The Corporation also announced today the voting results from AGM meeting of the shareholders held on August 24th, 2016. Shareholders voted in favour of all items of business. In total 7,821,045 shares were voted at the AGM representing 31% of the outstanding total with the following results:
Election of Steve Mlot as Director
95% in favor for | 5% withheld
Election of Frank Kordy as Director
94% in favor for | 6% withheld
Election of Dan Collia as Director
88% in favor for | 12% withheld
Appointment of Ross Pope LLP., as the Auditors of the Corporation
100% in favor for | 0% against
Approval of the Corporation's Stock Option Plan
88% in favor for | 12% against
Mr. Frank Kordy stated: "We are very pleased to see that we've received strong support from our shareholders at the AGM in continuing our business mandate. We continue our business strategy of entering into deals and acquiring assets that are revenue generating."

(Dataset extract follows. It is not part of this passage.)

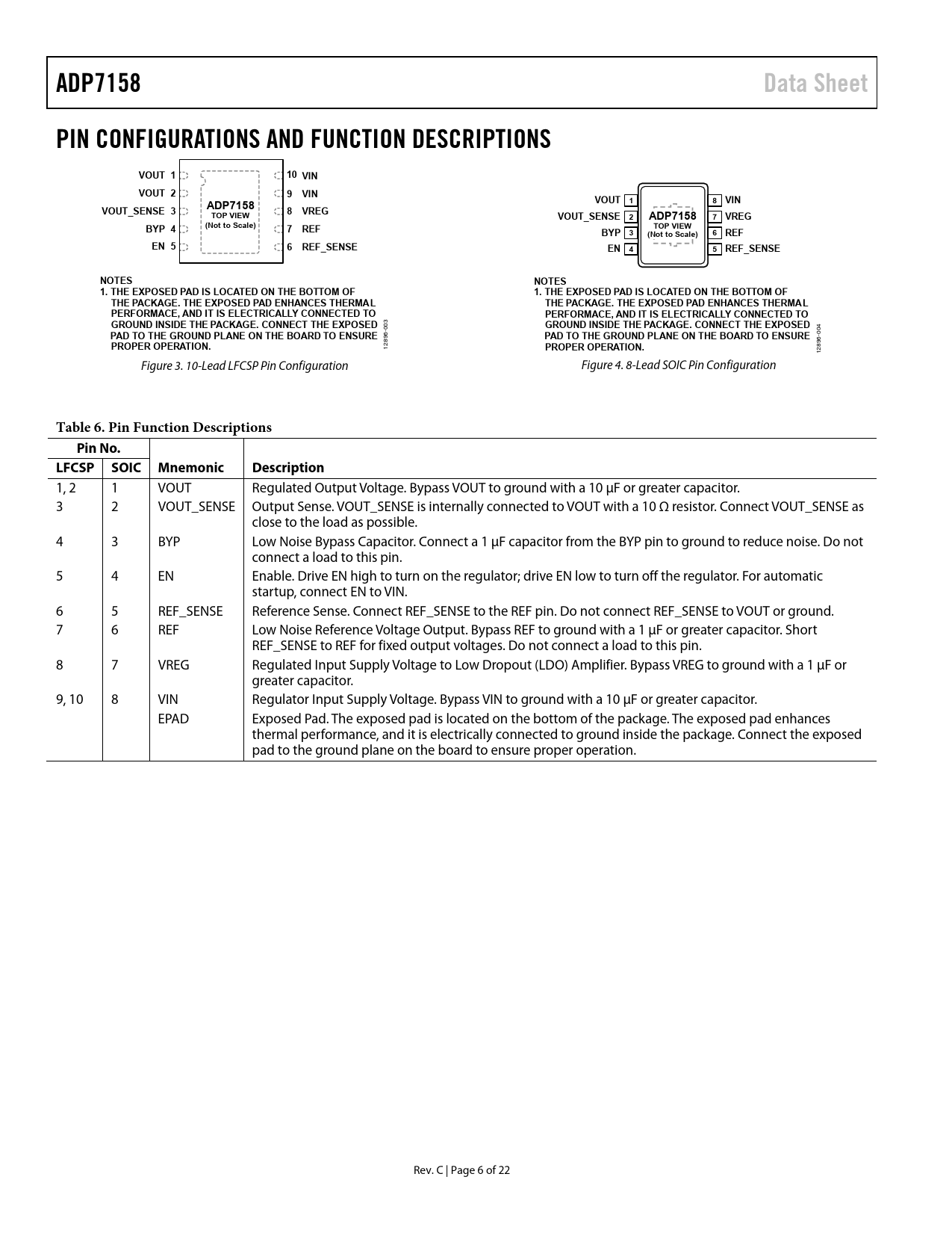 Páginas / Página22 / 6 — ADP7158. Data Sheet. PIN CONFIGURATIONS AND FUNCTION DESCRIPTIONS. VOUT …

For further information please contact:
|Mr. Frank Kordy|
Interim CEO & Director
Gunpowder Capital Corp.
T: (647) 466-4037
|Mr. Paul Haber|
Gunpowder Capital Corp.
T: (416) 363-3833
Information set forth in this news release may involve forward-looking statements under applicable securities laws. The forward-looking statements contained herein are expressly qualified in their entirety by this cautionary statement. The forward-looking statements included in this document are made as of the date of this document and the Corporation disclaims any intention or obligation to update or revise any forward-looking statements, whether as a result of new information, future events or otherwise, except as expressly required by applicable securities legislation. Although Management believes that the expectations represented in such forward-looking statements are reasonable, there can be no assurance that such expectations will prove to be correct. This news release does not constitute an offer to sell or solicitation of an offer to buy any of the securities described herein and accordingly undue reliance should not be put on such. Neither CSE nor its Regulation Services Provider (as that term is defined in the policies of the CSE accepts responsibility for the adequacy or accuracy of this release.